=== Your goal ===
Every record below must be copied exactly, with images dropped.

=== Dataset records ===
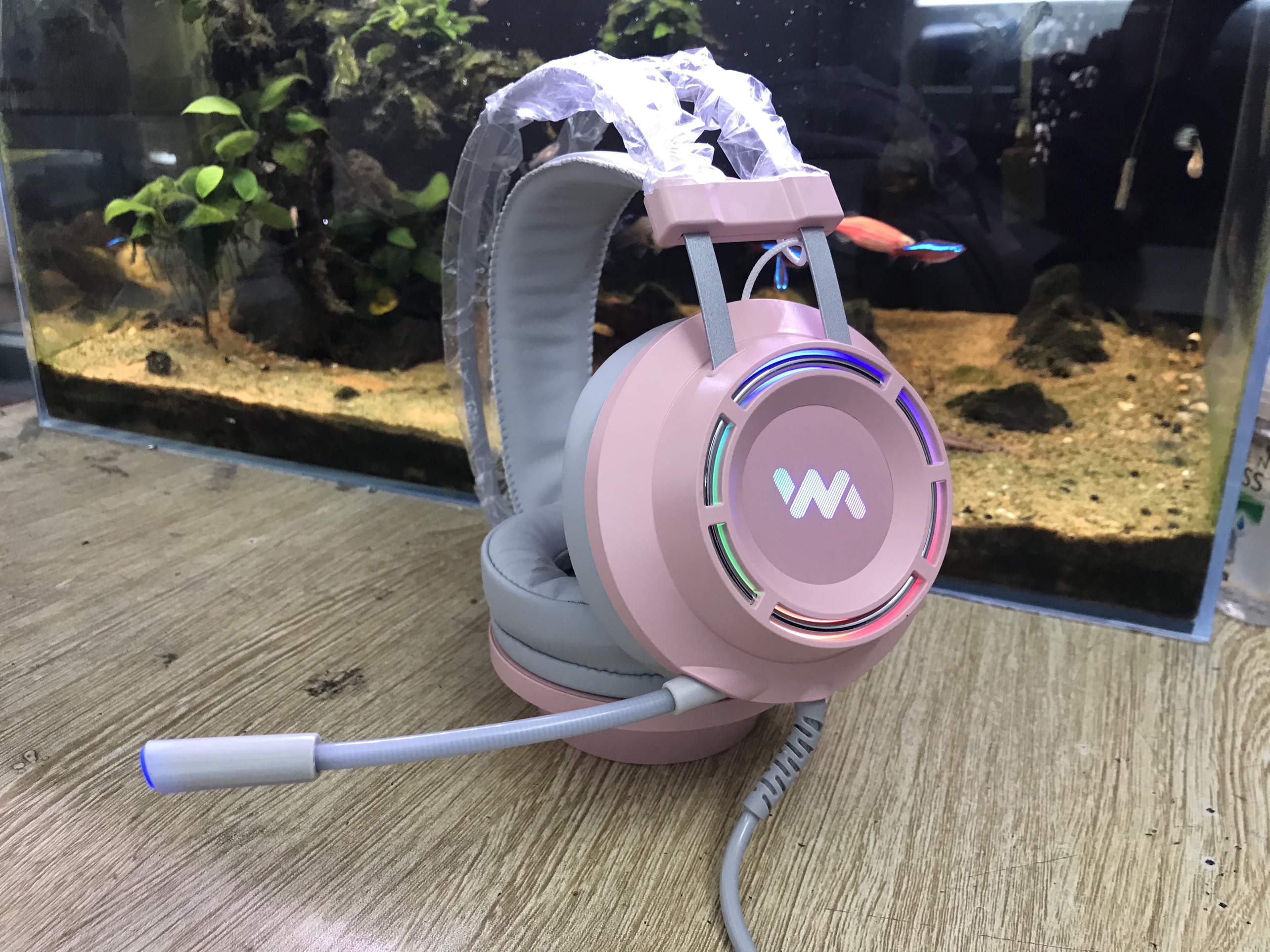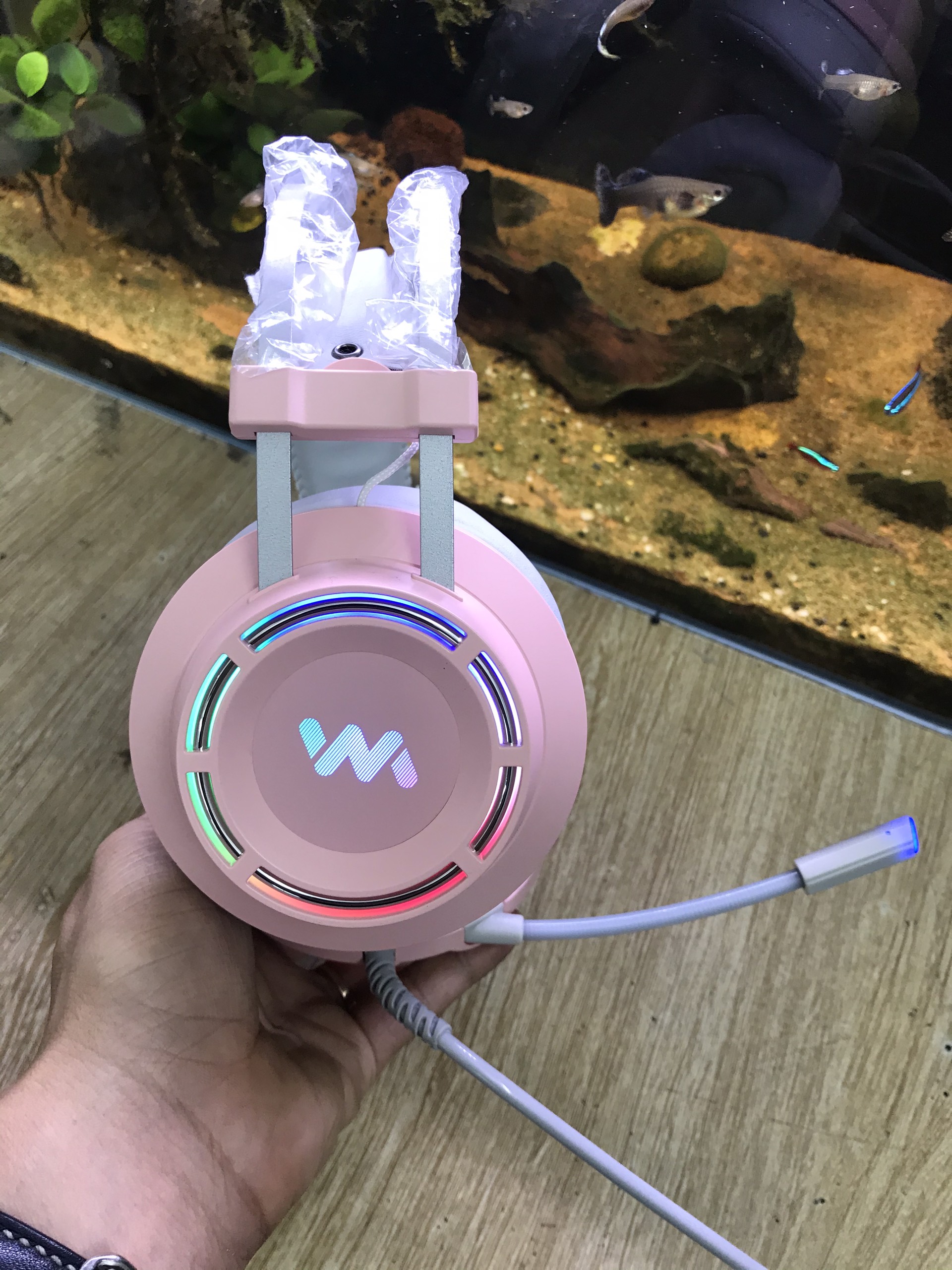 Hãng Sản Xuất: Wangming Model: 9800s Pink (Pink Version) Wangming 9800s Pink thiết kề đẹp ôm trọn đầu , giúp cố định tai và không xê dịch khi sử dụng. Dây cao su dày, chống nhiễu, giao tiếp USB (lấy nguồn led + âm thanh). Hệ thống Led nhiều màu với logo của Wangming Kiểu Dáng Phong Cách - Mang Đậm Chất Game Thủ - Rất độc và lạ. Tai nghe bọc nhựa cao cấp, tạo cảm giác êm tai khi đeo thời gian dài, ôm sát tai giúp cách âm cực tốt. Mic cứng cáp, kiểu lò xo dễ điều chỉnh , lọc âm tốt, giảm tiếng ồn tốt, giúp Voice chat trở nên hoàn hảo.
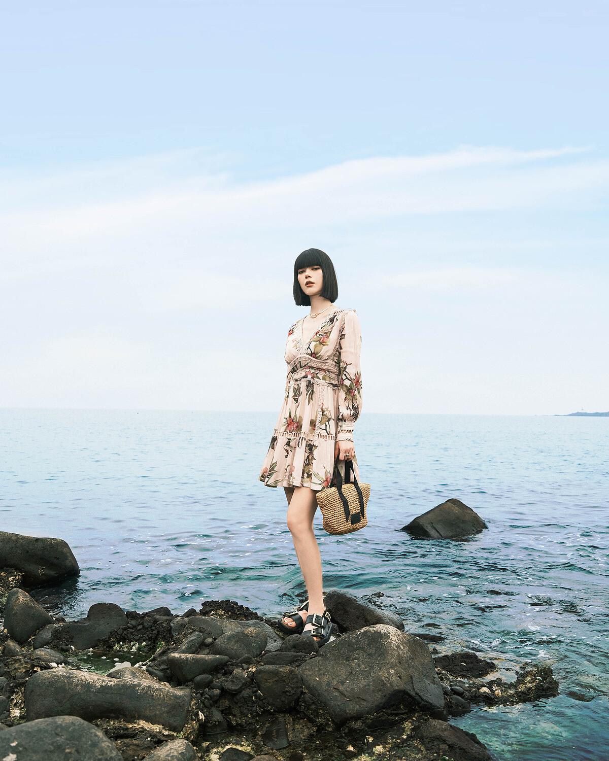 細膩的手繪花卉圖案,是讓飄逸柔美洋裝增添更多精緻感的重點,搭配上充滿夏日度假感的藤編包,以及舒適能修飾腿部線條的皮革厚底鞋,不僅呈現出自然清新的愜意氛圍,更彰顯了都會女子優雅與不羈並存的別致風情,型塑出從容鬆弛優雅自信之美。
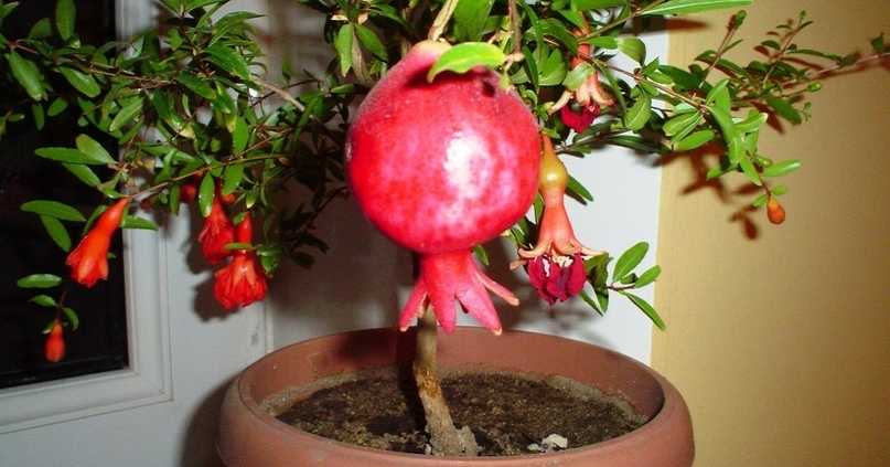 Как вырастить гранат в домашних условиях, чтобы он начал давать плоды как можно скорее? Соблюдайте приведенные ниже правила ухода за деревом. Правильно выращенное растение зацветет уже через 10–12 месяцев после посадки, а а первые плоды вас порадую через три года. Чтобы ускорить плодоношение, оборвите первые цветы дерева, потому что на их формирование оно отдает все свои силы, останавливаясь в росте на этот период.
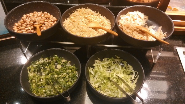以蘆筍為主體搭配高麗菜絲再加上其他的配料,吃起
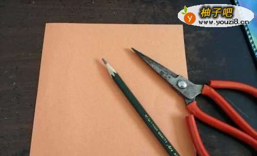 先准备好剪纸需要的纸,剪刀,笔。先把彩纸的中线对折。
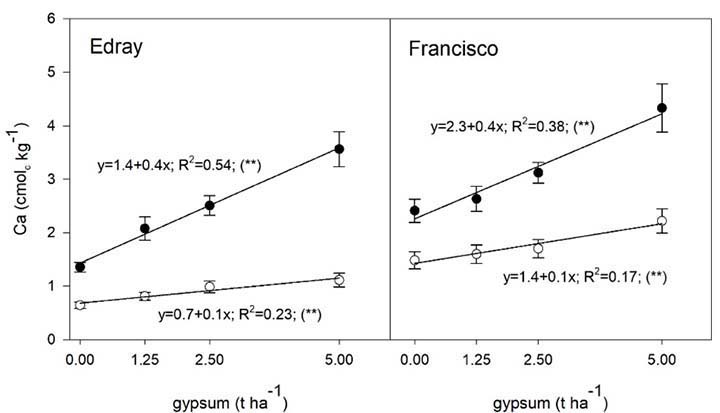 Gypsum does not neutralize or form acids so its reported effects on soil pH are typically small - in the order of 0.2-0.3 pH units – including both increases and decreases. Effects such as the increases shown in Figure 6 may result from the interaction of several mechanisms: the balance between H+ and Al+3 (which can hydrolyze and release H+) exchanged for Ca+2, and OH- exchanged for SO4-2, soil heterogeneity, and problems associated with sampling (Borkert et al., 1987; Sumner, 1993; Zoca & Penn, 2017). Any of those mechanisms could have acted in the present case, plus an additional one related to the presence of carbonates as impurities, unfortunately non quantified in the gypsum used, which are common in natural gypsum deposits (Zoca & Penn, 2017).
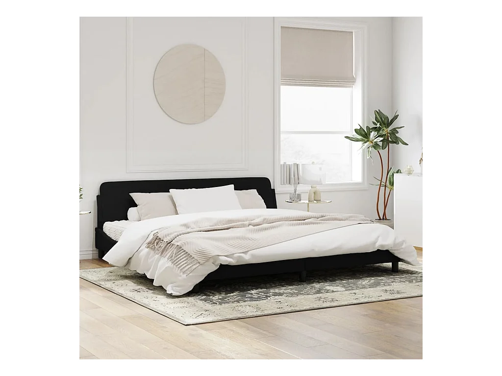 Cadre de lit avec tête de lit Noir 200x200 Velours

=== Answer to this problem ===
 Hãng Sản Xuất: Wangming Model: 9800s Pink (Pink Version) Wangming 9800s Pink thiết kề đẹp ôm trọn đầu , giúp cố định tai và không xê dịch khi sử dụng. Dây cao su dày, chống nhiễu, giao tiếp USB (lấy nguồn led + âm thanh). Hệ thống Led nhiều màu với logo của Wangming Kiểu Dáng Phong Cách - Mang Đậm Chất Game Thủ - Rất độc và lạ. Tai nghe bọc nhựa cao cấp, tạo cảm giác êm tai khi đeo thời gian dài, ôm sát tai giúp cách âm cực tốt. Mic cứng cáp, kiểu lò xo dễ điều chỉnh , lọc âm tốt, giảm tiếng ồn tốt, giúp Voice chat trở nên hoàn hảo.
 細膩的手繪花卉圖案,是讓飄逸柔美洋裝增添更多精緻感的重點,搭配上充滿夏日度假感的藤編包,以及舒適能修飾腿部線條的皮革厚底鞋,不僅呈現出自然清新的愜意氛圍,更彰顯了都會女子優雅與不羈並存的別致風情,型塑出從容鬆弛優雅自信之美。
 Как вырастить гранат в домашних условиях, чтобы он начал давать плоды как можно скорее? Соблюдайте приведенные ниже правила ухода за деревом. Правильно выращенное растение зацветет уже через 10–12 месяцев после посадки, а а первые плоды вас порадую через три года. Чтобы ускорить плодоношение, оборвите первые цветы дерева, потому что на их формирование оно отдает все свои силы, останавливаясь в росте на этот период.
以蘆筍為主體搭配高麗菜絲再加上其他的配料,吃起
 先准备好剪纸需要的纸,剪刀,笔。先把彩纸的中线对折。
 Gypsum does not neutralize or form acids so its reported effects on soil pH are typically small - in the order of 0.2-0.3 pH units – including both increases and decreases. Effects such as the increases shown in Figure 6 may result from the interaction of several mechanisms: the balance between H+ and Al+3 (which can hydrolyze and release H+) exchanged for Ca+2, and OH- exchanged for SO4-2, soil heterogeneity, and problems associated with sampling (Borkert et al., 1987; Sumner, 1993; Zoca & Penn, 2017). Any of those mechanisms could have acted in the present case, plus an additional one related to the presence of carbonates as impurities, unfortunately non quantified in the gypsum used, which are common in natural gypsum deposits (Zoca & Penn, 2017).
 Cadre de lit avec tête de lit Noir 200x200 Velours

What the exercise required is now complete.